Раз утром, встретясь за завтраком, профессор, необыкновенно оживленный, сказал своей дочери:

— Ну, милочка, приснился и мне необычайно яркий сон.

Майя посмотрела внимательней на отца и спросила:

— Что ж за сон тебя так порадовал, папа?

— Да уж и не знаю, право, сном или светлым видением назвать мне свою ночную грезу? — начал рассказывать Ринарди. — Меня посетила богиня!.. Уверяю тебя, милочка, что ко мне нынче спустилась сама Юнона или премудрая Изида. Представь себе… Я даже не сумею точно сказать тебе, как я ее увидел и какой у ней был вид. Знаю только, что я вдруг ощутил возле себя чье-то светлое, желанное присутствие. Я открыл глаза и увидел образ женщины, которую вначале принял за тебя, Майинька. Она стояла на пороге дверей на лестницу в обсерваторию и манила меня вверх, за собою.

— И ты пошел за ней? Послушал ее?

— Без сомнения! Во мне даже ни секунды не было колебания.
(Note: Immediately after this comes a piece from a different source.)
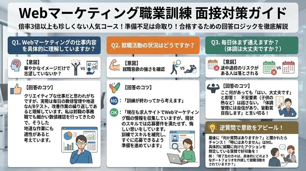 【回答のコツ】:「訓練が終わってから考えます」は絶対にNGです。「現在も求人サイトでWebマーケティング職の情報を収集していますが、現状のスキルでは応募要件を満たせず、悔しい思いをしています。訓練でスキルを補完し、すぐに応募できるよう準備を進めています」と、現在進行形で動いていることを伝えましょう。

Столько привета было во взгляде ее, столько повелительности в призыве, что я последовал за ней, как за магнитом…

— Напрасно. Никогда не поддавайся таким видениям… О! эти красавицы-женщины, являющиеся ученым, часто завлекают их в беду… Разве ты не читал…

Добродушный смех отца прервал ее речь.

— О! Девочка моя! Ты меня смешишь. Разве я волен в своих снах?

— Да, если это был только сон. Простой сон?

— Друг мой! Простой иль не простой — разве могу я знать? Ведь я не одарен, как ты… Во всяком случае, выбор действий мне не был дан. Я не мог не идти, пошел и не раскаялся! Ты помнишь зрелище, которое мы с тобою видели осенью, что показывал нам барон Велиар?

— Тсс! Бога ради, не произноси этого имени! Не напоминай мне об этом ужасном человеке! — болезненно-раздражительно отвечала Майя.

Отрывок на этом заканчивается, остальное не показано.